Lintasbalikpapan.com – Timnas Putri Indonesia kembali menunjukkan perkembangan yang menjanjikan di Piala AFF Wanita 2026. Garuda Pertiwi berhasil mengamankan tempat di partai final setelah menundukkan Singapura dengan skor meyakinkan 2-0 dalam laga semifinal yang berlangsung di Stadion Kuala Lumpur, Malaysia.
Kemenangan ini terasa spesial karena Indonesia mampu membalas hasil kurang memuaskan saat menghadapi lawan yang sama pada FIFA Matchday beberapa waktu lalu. Di bawah arahan pelatih Satoru Mochizuki, permainan Timnas Putri terlihat lebih matang, tenang, dan disiplin dalam membangun serangan.
Sejak menit awal, Indonesia tampil dominan dengan penguasaan bola yang lebih baik. Meski Singapura memilih bertahan rapat sambil mengandalkan serangan balik, Garuda Pertiwi tetap konsisten mencari celah. Beberapa peluang sempat tercipta melalui Estella Loupatty dan Felicia De Zeeuw, tetapi penyelesaian akhir masih belum mampu mengubah papan skor pada babak pertama.
Gea Yumanda dan Remini Rumbewas Jadi Pembeda
Memasuki babak kedua, pola permainan tidak banyak berubah. Indonesia terus menekan pertahanan Singapura, sementara penampilan gemilang kiper Izairida Shakira sempat membuat berbagai peluang gagal menjadi gol. Kebuntuan akhirnya pecah pada menit ke-68. Gea Yumanda berhasil memanfaatkan kesempatan dengan baik untuk membawa Indonesia unggul 1-0. Gol tersebut menjadi titik balik yang meningkatkan kepercayaan diri seluruh pemain.
Tak lama kemudian, Sheva Imut sebenarnya sempat mencetak gol kedua. Namun, wasit menganulir gol tersebut karena posisi offside. Meski begitu, semangat Garuda Pertiwi tidak surut. Hanya berselang beberapa menit, Remini Rumbewas sukses menyambut situasi sepak pojok yang dikirim Felicia De Zeeuw dan menggandakan keunggulan menjadi 2-0.
Hingga peluit panjang dibunyikan, Indonesia mampu menjaga keunggulan tanpa memberikan banyak ruang bagi Singapura untuk bangkit.
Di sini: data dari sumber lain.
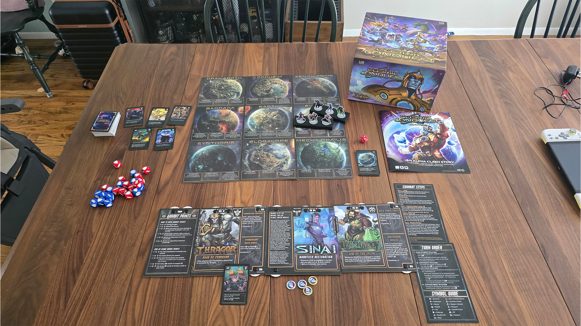 Alpha Clash: Cosmic Conquest—even in its prototype phase—is a game I’d happily reach for during a game night with my crew. It’s perfect for when we just want to have some drinks and roll dice. While it relies heavily on luck, there’s still enough depth—thanks to the variety of heroes and planets—that I found myself wanting to set it back up immediately. I look forward to seeing what the final ruleset offers, from additional game modes to tweaks to contender death and maybe even more planets for variety. Overall, I think Rising Empire Studios has a solid skirmish game on its hands that expands the Alpha Clash property in an exciting new way.

Peluang Pertahankan Gelar Piala AFF Wanita dan Tiket ke Level Regional
Keberhasilan melaju ke final membuka peluang besar bagi Timnas Putri Indonesia untuk mempertahankan status juara Piala AFF Wanita. Dua tahun sebelumnya, Garuda Pertiwi berhasil mengangkat trofi setelah memenangkan laga final, sehingga kini mereka memiliki kesempatan mencatatkan prestasi beruntun.
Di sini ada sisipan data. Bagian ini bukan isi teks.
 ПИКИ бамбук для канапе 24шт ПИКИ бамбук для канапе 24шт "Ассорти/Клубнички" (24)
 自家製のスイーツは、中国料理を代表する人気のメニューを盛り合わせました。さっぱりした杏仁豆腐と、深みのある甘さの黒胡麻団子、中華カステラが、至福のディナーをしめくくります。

Di partai puncak nanti, Indonesia akan menghadapi Laos yang lebih dulu memastikan tempat di final usai mengalahkan Kamboja dengan skor tipis 1-0. Duel tersebut diprediksi berlangsung sengit karena kedua tim sama-sama tampil konsisten sepanjang turnamen.
Lebih dari sekadar perebutan gelar, keberhasilan mencapai final juga menghadirkan keuntungan besar bagi sepak bola putri Indonesia. Garuda Pertiwi resmi mengamankan tiket menuju ASEAN Women’s Championship 2027, sebuah pencapaian yang menjadi bukti meningkatnya kualitas tim dalam beberapa tahun terakhir.
Jika mampu mempertahankan performa disiplin, efektif memanfaatkan peluang, dan menjaga konsistensi permainan, Timnas Putri Indonesia memiliki peluang besar untuk kembali membawa pulang trofi sekaligus memperkuat posisi mereka sebagai salah satu kekuatan baru sepak bola putri di kawasan Asia Tenggara.